Crypto’s next power shift may hinge less on speed and more on secrecy. Venture capital firm Andreessen Horowitz (a16z) outlined views on Jan. 6, suggesting that privacy-first blockchains could quietly reshape competition by creating durable lock-in as onchain finance expands.

Ali Yahya, a16z crypto general partner, stated, “Privacy is the one feature that’s critical for the world’s finance to move onchain,” describing it as a differentiator that most existing blockchains still lack. He expanded on the competitive implications by explaining:

This creates a winner-take-most dynamic. And because privacy is essential for most real-world use cases, a handful of privacy chains could own most of crypto.

Yahya detailed how performance and fees have become commoditized across networks, while privacy introduces friction that fundamentally alters user behavior. He noted that although bridging protocols make it trivial to move public assets between chains, private systems introduce risks around metadata exposure, transaction timing, and identity correlation. That friction, he emphasized, discourages migration and reinforces chain-level loyalty, creating durable network effects that are difficult for generalized, transparent blockchains to replicate.

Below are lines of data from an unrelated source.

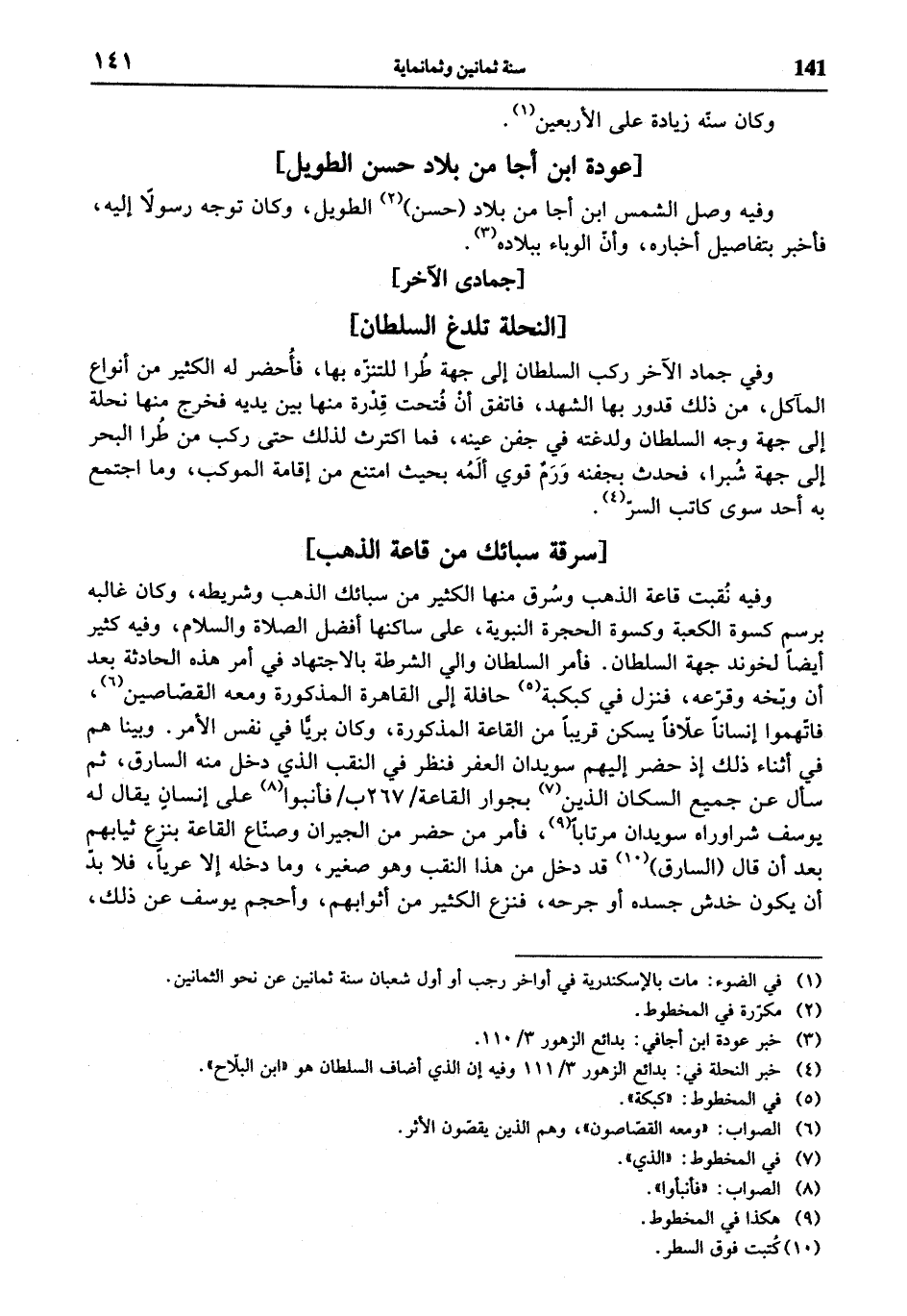وفيه نقبت قاعة الذهب وسرق منها الكثير من سبائك الذهب وشريطه، وكان غالبه برسم كسوة الكعبة وكسوة الحجرة النبوية، على ساكنها أفضل الصلاة والسلام، وفيه كثير أيضا لخوند جهة السلطان. فأمر السلطان والي الشرطة بالاجتهاد في أمر هذه الحادثة بعد أن وبّخه وقرّعه، فنزل في كبكبة (¬5) حافلة إلى القاهرة المذكورة ومعه القصّاصين (¬6)، فاتّهموا إنسانا علاّفا يسكن قريبا من القاعة المذكورة، وكان بريّا في نفس الأمر. وبينا هم في أثناء ذلك إذ حضر إليهم سويدان العفر فنظر في النقب الذي دخل منه السارق، ثم سأل عن جميع السكان الذين (¬7) بجوار القاعة / 267 ب / فأنبوا (¬8) على إنسان يقال له يوسف شراوراه سويدان مرتابا (¬9)، فأمر من حضر من الجيران وصنّاع القاعة بنزع ثيابهم بعد أن قال (السارق) (¬10) قد دخل من هذا النقب وهو صغير، وما دخله إلا عريا، فلا بدّ أن يكون خدش جسده أو جرحه، فنزع الكثير من أثوابهم، وأحجم يوسف عن ذلك،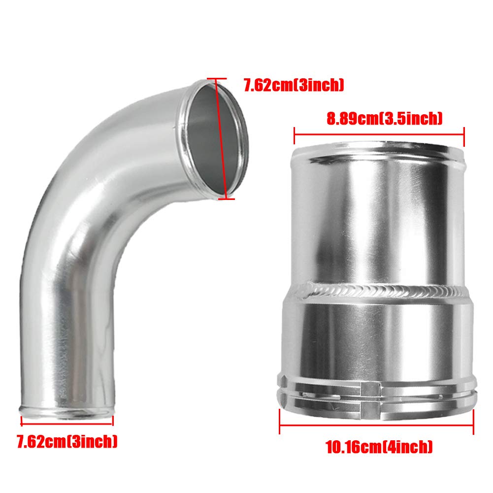 Este kit apresenta um tubo de alumínio CNC, que é mandril dobrado para garantir um fluxo de ar otimizado. O diâmetro do tubo inferior é de 3 polegadas, enquanto o tubo superior possui um diâmetro de 3,5 polegadas, permitindo uma passagem de ar mais eficiente e reduzindo a restrição. As mangueiras de silicone são triplamente reforçadas, capazes de suportar altas temperaturas e pressões, além de minimizar a transferência de vibrações devido a impactos ou movimentos do motor.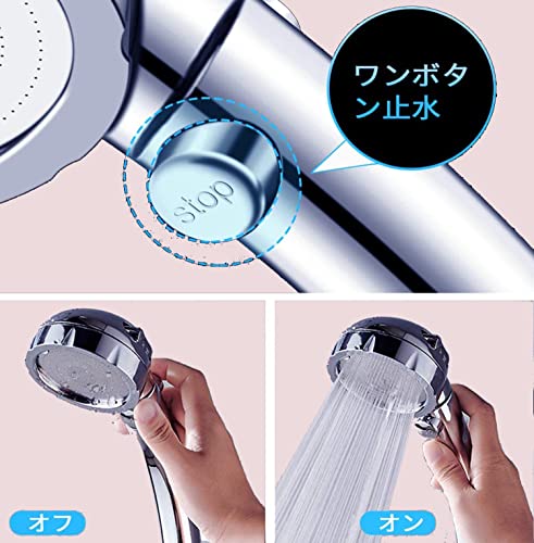 シャワーヘッド,ハンドヘルドシャワー,Handheld Showerhead,3段階モード ストップボタン 節水 増圧 低水圧対応 360°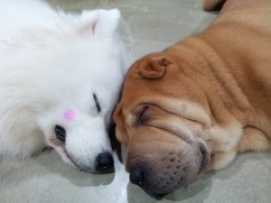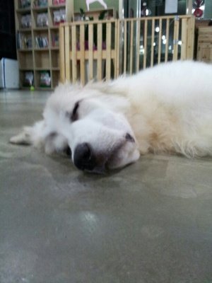손님 강아지들인데. 느무 이쁨. 자는것도 이쁨. 실컷 놓고 뻗으셨음.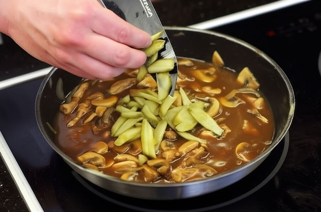 Przygotowanie jest niezwykle proste – wystarczy pokroić mięso w cienkie paseczki, zamarynować je w musztardzie, a następnie podsmażyć z cebulą i pieczarkami. Dodanie Sosu do pieczeni z grzybami Knorr nada potrawie głębi smaku, a ogórki wprowadzą przyjemny, kwaskowy akcent. Całość dusi się, aż sos lekko zgęstnieje, tworząc idealną konsystencję.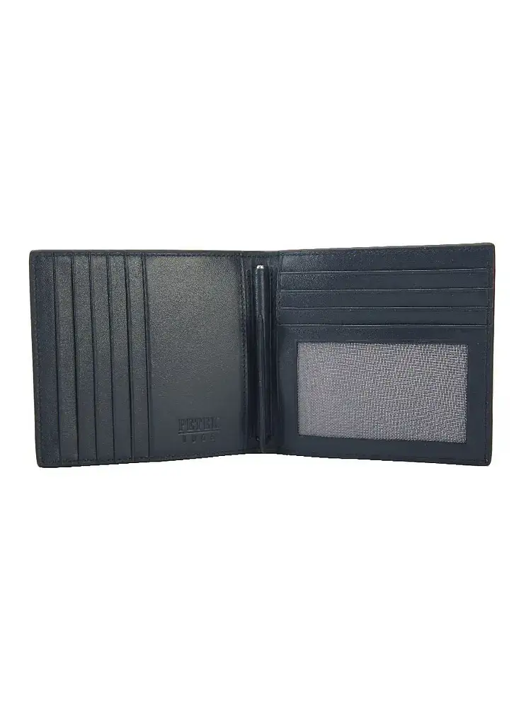 Портмоне Petek оснащено металлическим зажимом, обтянутым кожей, для хранения купюр.

Near this discussion, a16z crypto engineer Daejun Park outlined how security design reinforces these dynamics, explaining: “So the once-popular idea of ‘code is law’ evolves into ‘spec is law’: Even a novel attack must satisfy the same safety properties that keep the system intact, so the only attacks left are tiny or extremely hard to execute.” His view emphasized enforceable invariants and runtime guardrails as necessary foundations for high-stakes, privacy-preserving systems.

Read more: A Year of Crypto Plot Twists: Privacy Coins Reclaim Their Power in 2025

Other a16z crypto contributors extended the privacy thesis beyond blockchains into messaging and data infrastructure. XMTP Labs co-founder and chief executive officer Shane Mac explained:

This is greater than quantum resistance and encryption; it’s ownership and decentralization. Without both, all we’re doing is building unbreakable encryption that can still be switched off.

His comments underscored the limitations of centralized servers in messaging systems, even when advanced cryptography is used, and highlighted the need for open, decentralized protocols where users retain direct control over their messages and identities.

Mysten Labs chief product officer and co-founder Adeniyi Abiodun added, “Combined with verifiable data systems, secrets could then become part of the internet’s fundamental public infrastructure — rather than an application-level patch, where privacy is bolted on after the fact — making privacy core infrastructure.” He described how secrets-as-a-service, enforced through decentralized key management and onchain rules, could unlock institutional adoption across finance and healthcare.

  • Why does a16z crypto believe privacy-first blockchains will dominate?
    Because privacy creates migration friction and network effects that public blockchains struggle to replicate.
  • What problem do privacy chains solve for real-world finance?
    They reduce metadata exposure and identity correlation that prevent institutions from moving onchain.
  • How does privacy change blockchain competition?
    It shifts competition away from fees and performance toward durable chain-level loyalty.
  • Why is decentralized ownership critical alongside encryption?
    Without decentralization, encrypted systems can still be controlled or shut down by centralized actors.